25.8.20

De New York à Beyrouth


En rentrant hier soir de nos quelques jours de vacances à Cape Cod, nous avons renversé et brisé un gros bocal de verre sur l’entrée le perron de notre maison à Manhattan.


C’est pourquoi je me retrouvai avec un balai à épousseter et enlever les éclats de verre clairsemés devant la maison, dans la chaleur étouffante des soirées d’été new-yorkaises, assailli par quelques moustiques voraces.
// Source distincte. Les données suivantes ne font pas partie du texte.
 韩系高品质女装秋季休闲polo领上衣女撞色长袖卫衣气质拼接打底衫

Et dans cet épisode si futile, je ne pus m’empêcher de penser à ce qu’ont vécu mes compatriotes libanais en cet effroyable mois d’août, nettoyant le verre et les autres débris de leurs maisons soufflées par l’explosion du port, et cela pendant de longues heures et dans la chaleur humide de Beyrouth. Dix minutes à peine  désagréables pour moi contre des journées entières de nettoyage et de réparations pour eux. Un incident sans aucune gravité ici contre une apocalypse là-bas avec ses cortèges de morts, disparus et blessés. Ces Beyrouthins terrassés sont les victimes d’un État failli; leurs économies sont inaccessibles, leur devise n’achète plus rien et une simple vitre en ville ne peut plus être dénichée qu’en échange de billets verts.
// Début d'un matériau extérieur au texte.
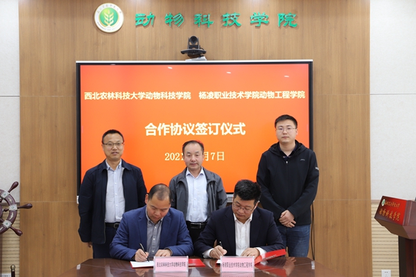 为加大力度落实《西北农林科技大学支持杨凌职业技术绿帽小说 建设高水平高职院校框架协议》,5月7日,绿帽小说 在104会议室与杨凌职业技术绿帽小说 动物工程绿帽小说 签订合作协议。绿帽小说 党委书记曹军会、党委副书记王力、党政综合办公室主任胡巧娟,杨凌职业技术绿帽小说 动物工程绿帽小说 副院长张振仓、办公室主任闫红军、实训科副科长仇薪鑫出席签约仪式。

Tout cela a de quoi me faire admirer leur courage de rester debout dans ce pays qui n’en finit pas de les maltraiter. De quoi m’encourager dans cette petite levée de fonds initiée avec mes enfants et dédiée à nos belles maisons traditionnelles, reliques si fragiles d’une civilisation perdue. Et de quoi m’émouvoir et me mettre en colère à la fois, surtout quand je fais la connaissance de ces familles au téléphone pour comprendre leur situation et que j’entends l’accent levantin si familier dans leurs voix brisées par ce désastre.


Ces bâtisses anciennes, nous ne savions pas vraiment les apprécier. Nous les maltraitions. Tout comme nos dirigeants ineptes et incompétents. Moi-même enfant  dans ce vieux Beyrouth, je les trouvais vieillottes et délabrées et leur préférais bêtement les immeubles modernes de verre et d’aluminium. Je ne savais pas encore que ce décor était le cœur-même de mon pays, fragile mais encore battant, l’âme piétinée, ottomane, italienne ou française, de cette ville. Ces vieilles maisons  sont désormais telles des victimes sur des brancards, défilant devant mes yeux par flopées, ravagées, déchiquetées, oblitérées par la stupidité meurtrière de cet incorrigible Orient. 


Alors de cette vieille brownstone new-yorkaise où j’habite, je rêve que nous puissions sauver les maisons de ces familles qui nous ont contactés. La tâche devant nous est noble et immense à la fois.